Parece que foi ontem, mas já se passaram 20 anos e… a situação piorou muito em todos os sentidos e sentimos na pele as consequências dessa irresponsabilidade mundial, pois a situação climática deteriorou-se rapidamente, confirmando estudos como o IPCC (Intergovernmental Painel of Climate Change – 2007), que mostram que os impactos são realmente causados pelos seres humanos. Tenebrosamente, ela vem impactando o meio ambiente indistintamente, mas, infelizmente, quem sofre são sempre os desfavorecidos.


Mesmo com tudo que está acontecendo, o lobby econômico continua intransigente, nenhum protocolo foi definido para que possamos reverter o aquecimento global e a oportunidade da vez é a Rio+20 que acontecerá em junho. Sua estratégia será avaliar e renovar os compromissos com o desenvolvimento sustentável assumidos pelos líderes mundiais na Eco-92, discutir a contribuição da economia verde para o desenvolvimento sustentável e a eliminação da pobreza, além do debate sobre a estrutura de governança internacional na área do desenvolvimento sustentável. O modelo de consenso, que só permite decisões com a aprovação de todos os países, foi finalmente questionado na 15ª Conferência da ONU sobre Mudanças Climáticas, em Copenhague, que, claro, terminou sem acordo por divergências entre os países ricos e em desenvolvimento sobre as ações necessárias para enfrentar o aquecimento global. Esta atitude criminosa deveria ser repudiada em uníssono por todos, porém, mais uma vez o Establishment está prevalecendo sobre a qualidade de vida, o que é inadmissível! Até quando?

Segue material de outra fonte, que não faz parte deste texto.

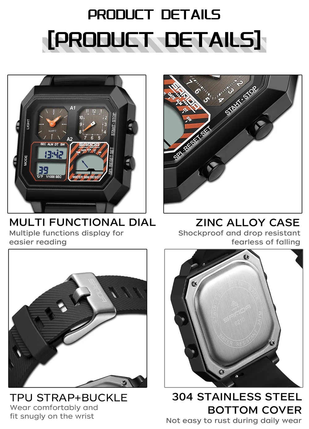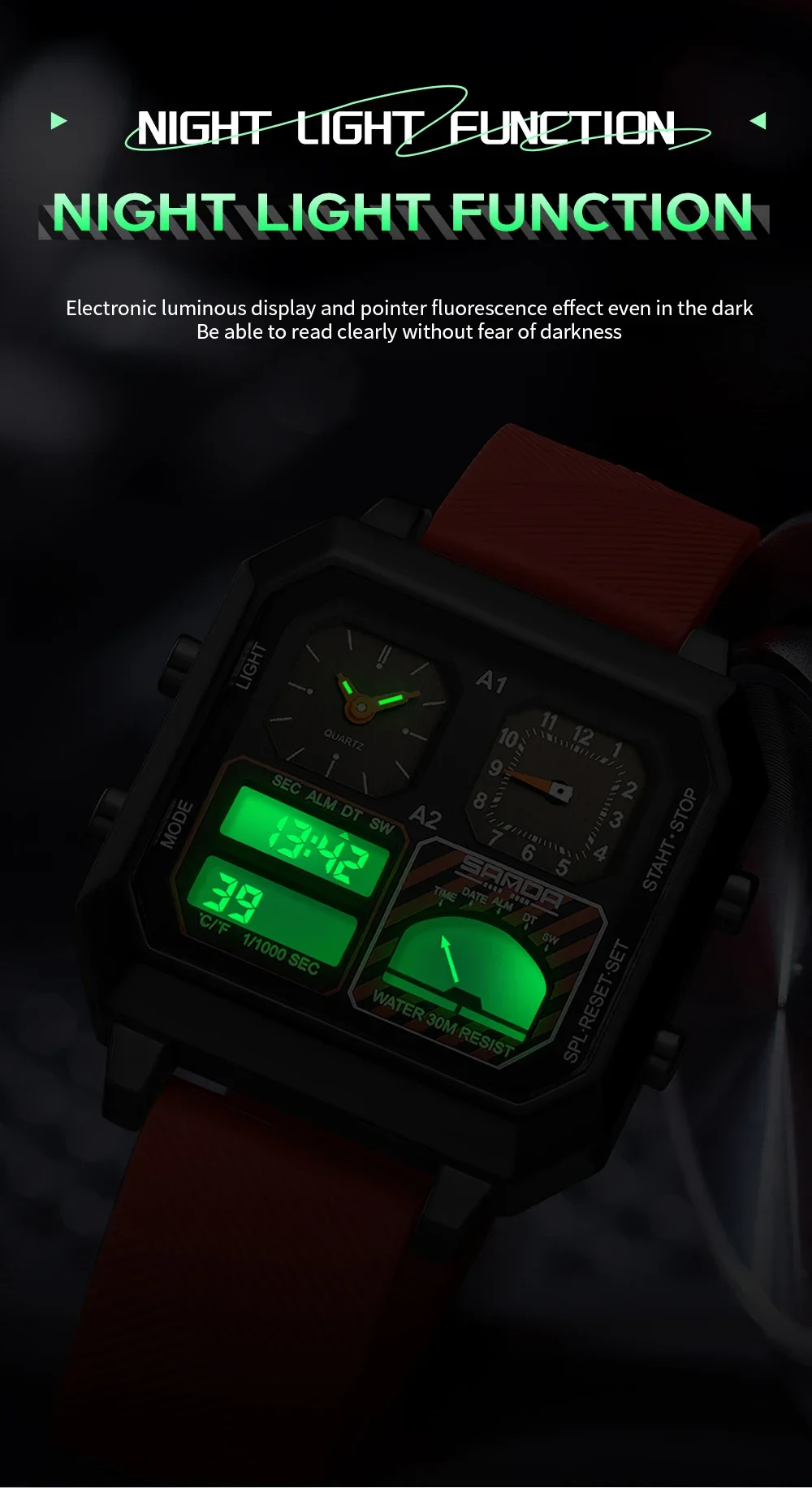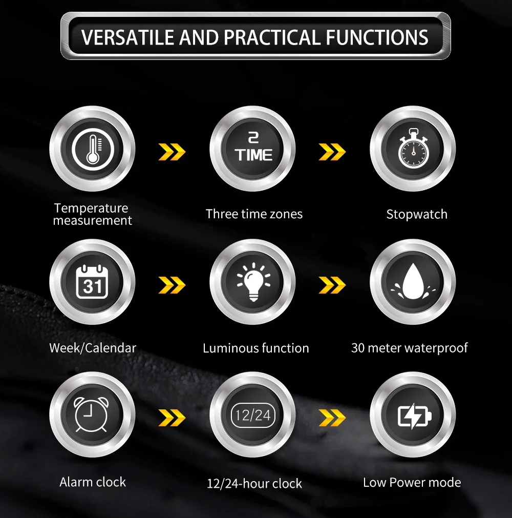 FeatureLuminous,LED display,Complete Calendar,Multiple Time Zone,Alarm,Week Display,Temperature MeasurementWater Resistance Depth3Bar

A Rio+20 é de fundamental importância, pois irá agrupar todos os países para debater temas que só são discutidos a cada década ou duas, como a convenção do clima, que é a maior negociação econômica do mundo, criada na Rio 92. Será discutido o conceito de um economista inglês (Thomas Malthus) que pregava o controle populacional dos países em desenvolvimento, porque senão eles irão consumir os recursos que os desenvolvidos precisam. Quer ingerência maior? Ainda mais no atual cenário mundial no qual os países em desenvolvimento estão gerando uma classe média e os desenvolvidos estão empobrecendo? Como é que vai ficar o conceito de qualidade de vida? A classe média americana tem “direito” a ter quatro carros e a indiana a andar de bicicleta? Com problemas como esses dificilmente vão haver decisões de consenso, já que nas próximas décadas há uma previsão de que centenas de milhões de pessoas deixarão de ser pobres e, neste cenário, será rigorosamente necessário repensar os padrões mundiais de consumo, dentro do conceito de autossustentabilidade. Ou seja, não há espaço para 7 bilhões de pessoas consumirem como a classe média americana ou italiana. E agora? O Brasil quer sustentar uma posição nessa discussão, que não priorize simplesmente o meio ambiente e sim o fortalecimento do desenvolvimento sustentável, do tratamento equilibrado entre econômico, ambiental e social. Nesta crise econômica mundial, quem está sofrendo seus efeitos não quer nem pensar nisto e sim focar – apenas – no meio ambiente.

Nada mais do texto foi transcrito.